— PROVIDED DATA —
====================

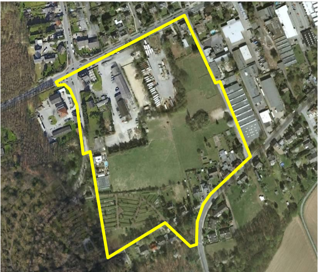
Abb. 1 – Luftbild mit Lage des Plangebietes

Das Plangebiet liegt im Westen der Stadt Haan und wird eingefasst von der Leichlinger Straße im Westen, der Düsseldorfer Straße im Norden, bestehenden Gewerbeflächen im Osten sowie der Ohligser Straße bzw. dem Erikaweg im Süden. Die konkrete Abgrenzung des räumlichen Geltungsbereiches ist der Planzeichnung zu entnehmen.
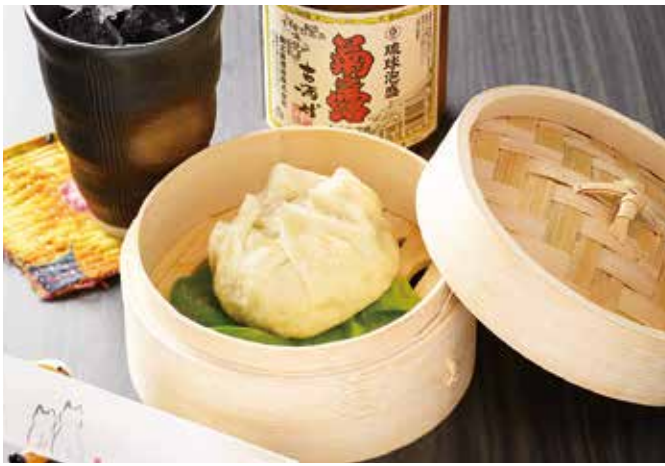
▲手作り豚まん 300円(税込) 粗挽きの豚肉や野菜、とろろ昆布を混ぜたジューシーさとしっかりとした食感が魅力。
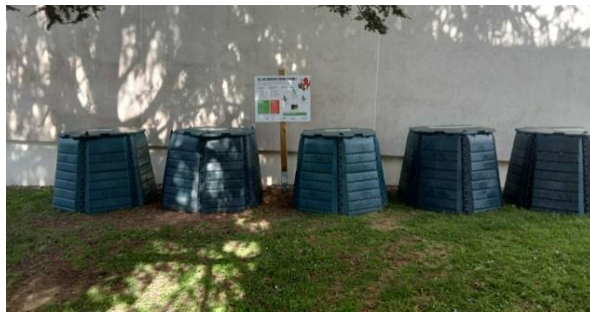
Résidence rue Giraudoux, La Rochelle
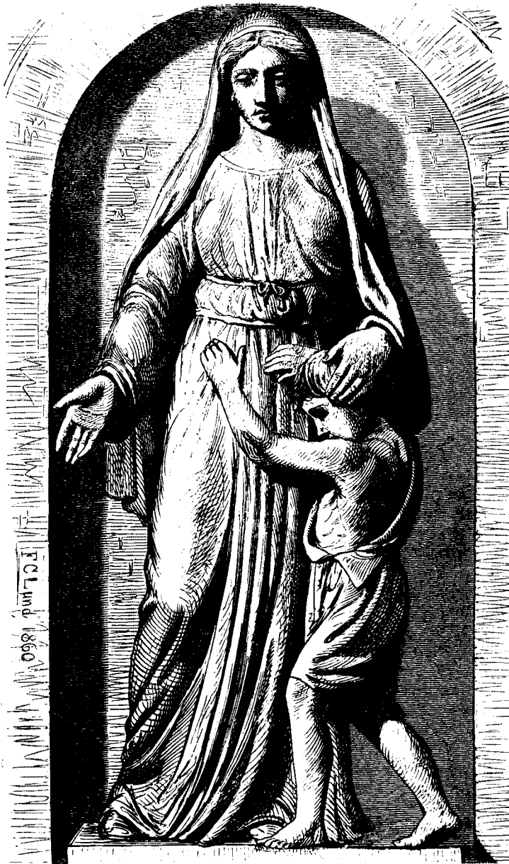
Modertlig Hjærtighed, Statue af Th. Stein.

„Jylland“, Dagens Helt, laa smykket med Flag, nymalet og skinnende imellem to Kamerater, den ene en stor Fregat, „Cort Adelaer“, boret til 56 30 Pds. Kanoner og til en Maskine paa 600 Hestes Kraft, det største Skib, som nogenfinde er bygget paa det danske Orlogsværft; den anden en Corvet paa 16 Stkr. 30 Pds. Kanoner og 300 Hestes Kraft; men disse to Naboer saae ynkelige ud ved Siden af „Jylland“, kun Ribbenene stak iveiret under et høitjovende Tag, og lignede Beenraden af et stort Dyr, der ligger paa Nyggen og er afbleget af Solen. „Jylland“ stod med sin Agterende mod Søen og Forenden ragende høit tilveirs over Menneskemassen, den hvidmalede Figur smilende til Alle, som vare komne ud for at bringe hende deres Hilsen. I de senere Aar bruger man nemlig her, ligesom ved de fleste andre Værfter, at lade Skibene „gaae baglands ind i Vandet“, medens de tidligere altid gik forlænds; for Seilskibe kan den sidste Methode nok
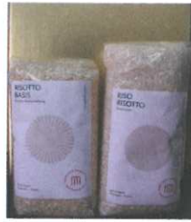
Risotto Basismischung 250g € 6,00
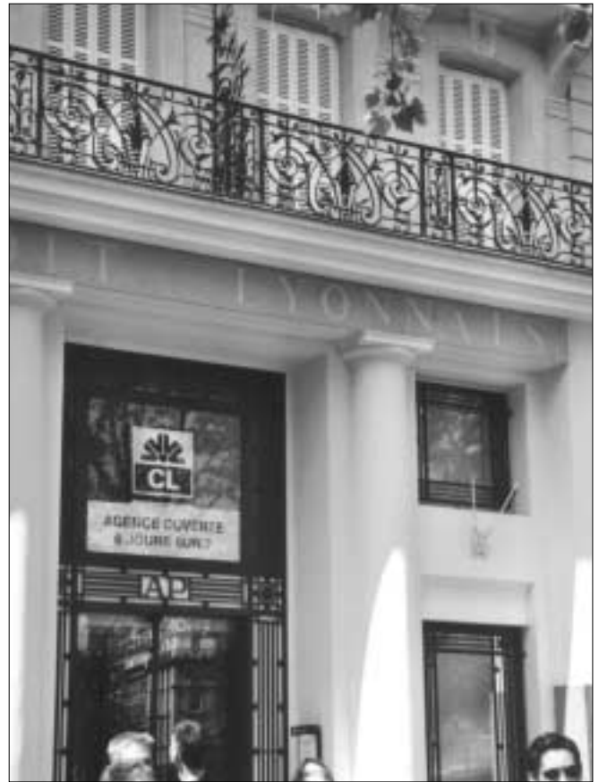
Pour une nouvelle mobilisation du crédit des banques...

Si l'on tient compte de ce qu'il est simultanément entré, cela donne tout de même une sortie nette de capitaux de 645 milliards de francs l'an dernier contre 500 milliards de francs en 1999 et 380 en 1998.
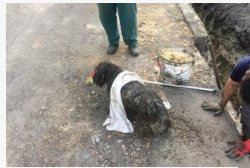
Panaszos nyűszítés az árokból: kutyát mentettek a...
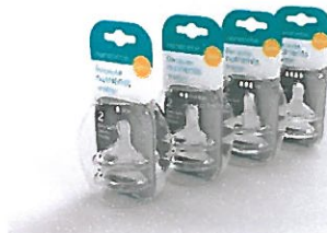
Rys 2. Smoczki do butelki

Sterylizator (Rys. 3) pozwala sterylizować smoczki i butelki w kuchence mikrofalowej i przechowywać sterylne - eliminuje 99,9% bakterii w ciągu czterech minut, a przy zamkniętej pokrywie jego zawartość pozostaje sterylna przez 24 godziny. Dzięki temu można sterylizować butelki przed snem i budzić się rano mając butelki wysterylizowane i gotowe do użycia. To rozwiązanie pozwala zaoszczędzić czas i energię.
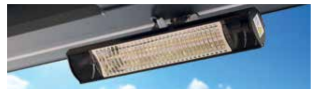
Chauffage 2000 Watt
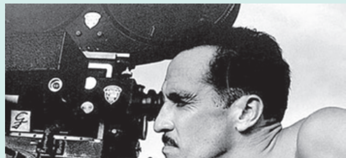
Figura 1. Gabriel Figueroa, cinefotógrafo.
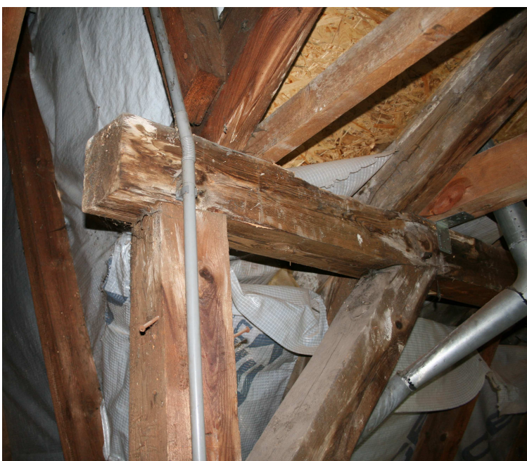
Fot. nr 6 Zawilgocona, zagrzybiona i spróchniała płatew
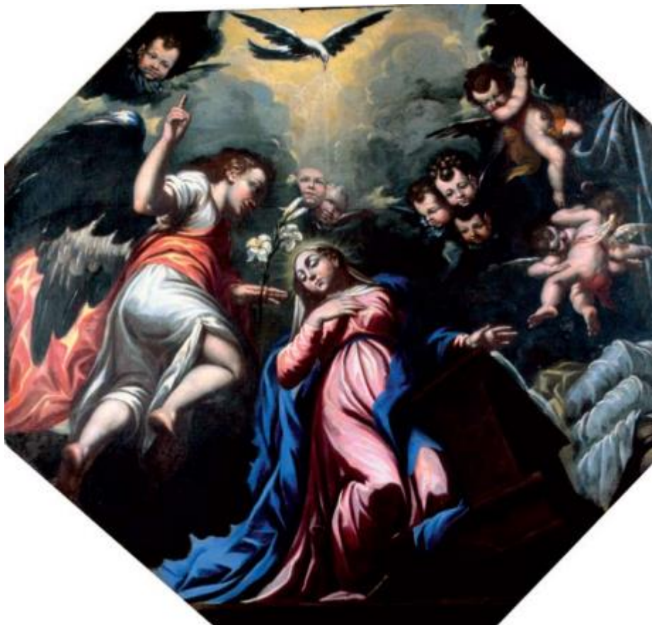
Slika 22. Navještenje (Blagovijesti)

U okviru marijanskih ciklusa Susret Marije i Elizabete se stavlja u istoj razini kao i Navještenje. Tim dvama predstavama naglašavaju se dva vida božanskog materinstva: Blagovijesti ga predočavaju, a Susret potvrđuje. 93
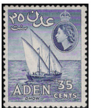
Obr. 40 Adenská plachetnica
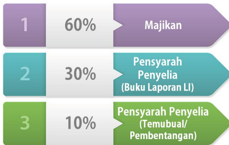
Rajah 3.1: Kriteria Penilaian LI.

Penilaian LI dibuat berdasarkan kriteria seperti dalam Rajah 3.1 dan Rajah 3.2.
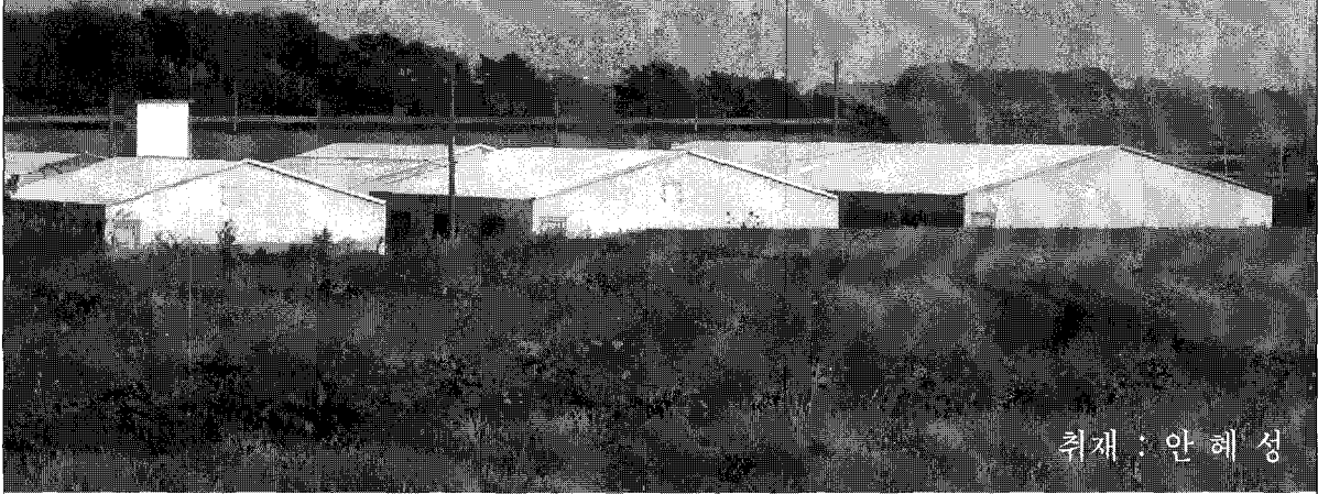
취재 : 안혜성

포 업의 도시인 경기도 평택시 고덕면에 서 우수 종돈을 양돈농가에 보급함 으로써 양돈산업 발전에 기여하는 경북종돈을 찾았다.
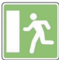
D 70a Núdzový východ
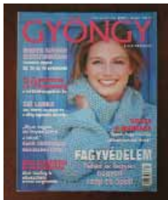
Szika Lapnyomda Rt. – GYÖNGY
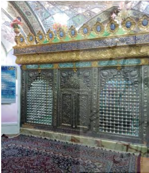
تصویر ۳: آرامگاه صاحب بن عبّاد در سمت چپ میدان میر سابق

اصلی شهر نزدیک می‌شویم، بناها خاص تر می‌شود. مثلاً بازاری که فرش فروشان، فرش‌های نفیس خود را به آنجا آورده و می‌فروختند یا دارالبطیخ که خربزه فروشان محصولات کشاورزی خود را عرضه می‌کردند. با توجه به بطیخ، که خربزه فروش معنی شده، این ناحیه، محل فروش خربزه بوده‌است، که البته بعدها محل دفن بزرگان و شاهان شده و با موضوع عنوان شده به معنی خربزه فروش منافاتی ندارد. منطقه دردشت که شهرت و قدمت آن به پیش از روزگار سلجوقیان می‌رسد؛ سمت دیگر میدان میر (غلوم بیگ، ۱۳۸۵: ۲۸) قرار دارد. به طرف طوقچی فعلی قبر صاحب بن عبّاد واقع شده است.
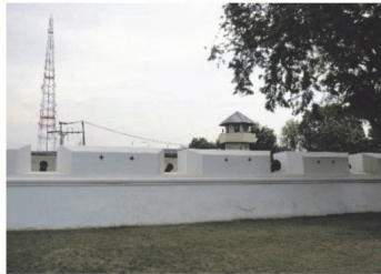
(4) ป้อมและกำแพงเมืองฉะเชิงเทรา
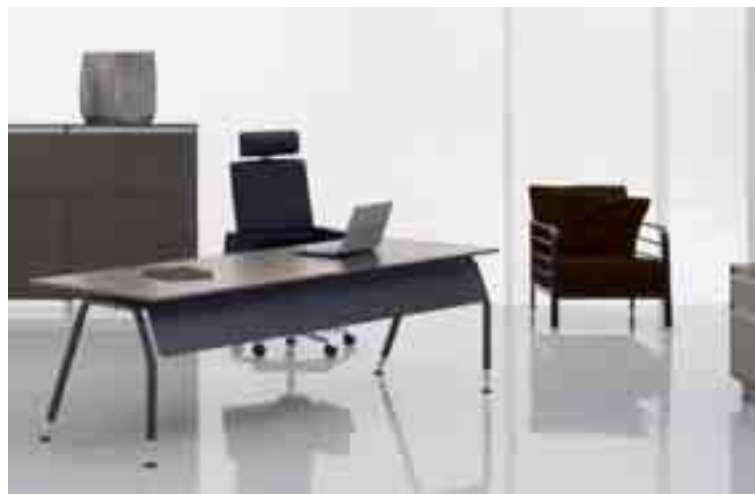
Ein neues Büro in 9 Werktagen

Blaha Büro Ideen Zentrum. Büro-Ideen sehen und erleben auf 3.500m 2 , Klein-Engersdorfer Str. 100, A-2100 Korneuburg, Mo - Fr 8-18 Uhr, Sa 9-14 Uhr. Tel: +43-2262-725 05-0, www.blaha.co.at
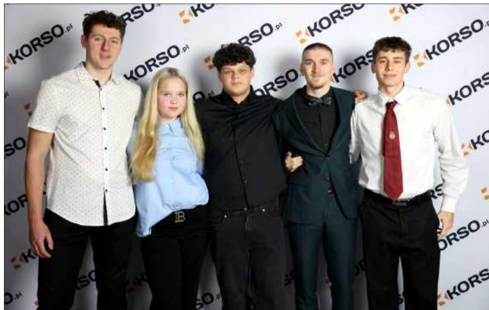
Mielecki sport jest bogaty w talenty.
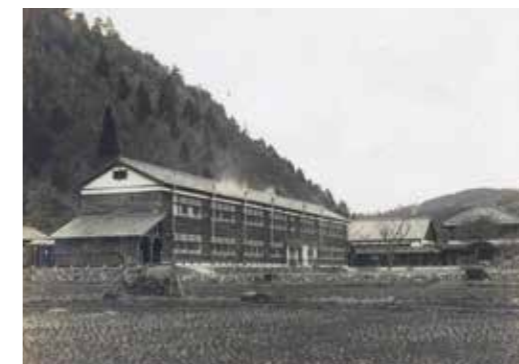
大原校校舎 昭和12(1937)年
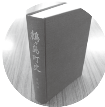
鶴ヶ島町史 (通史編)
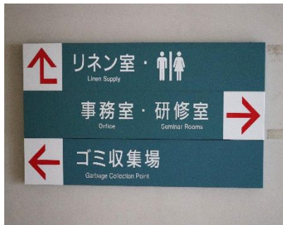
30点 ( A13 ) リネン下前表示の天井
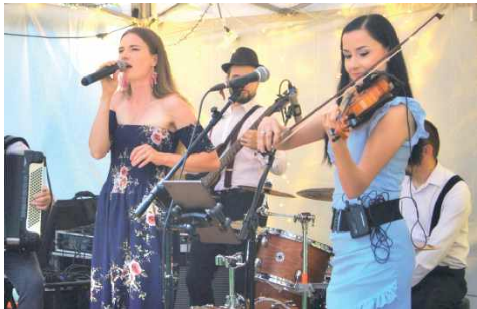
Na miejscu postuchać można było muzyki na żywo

====================

— YOUR OBJECTIVE —
Would you copy out, exactly and with no pictures, only the lines above from the one that contains "Résidence rue Giraudoux, La Rochelle" through the one that contains "Modertlig Hjærtighed, Statue af Th. Stein."?

— SOLUTION FOR THIS PROBLEM —
Résidence rue Giraudoux, La Rochelle
Modertlig Hjærtighed, Statue af Th. Stein.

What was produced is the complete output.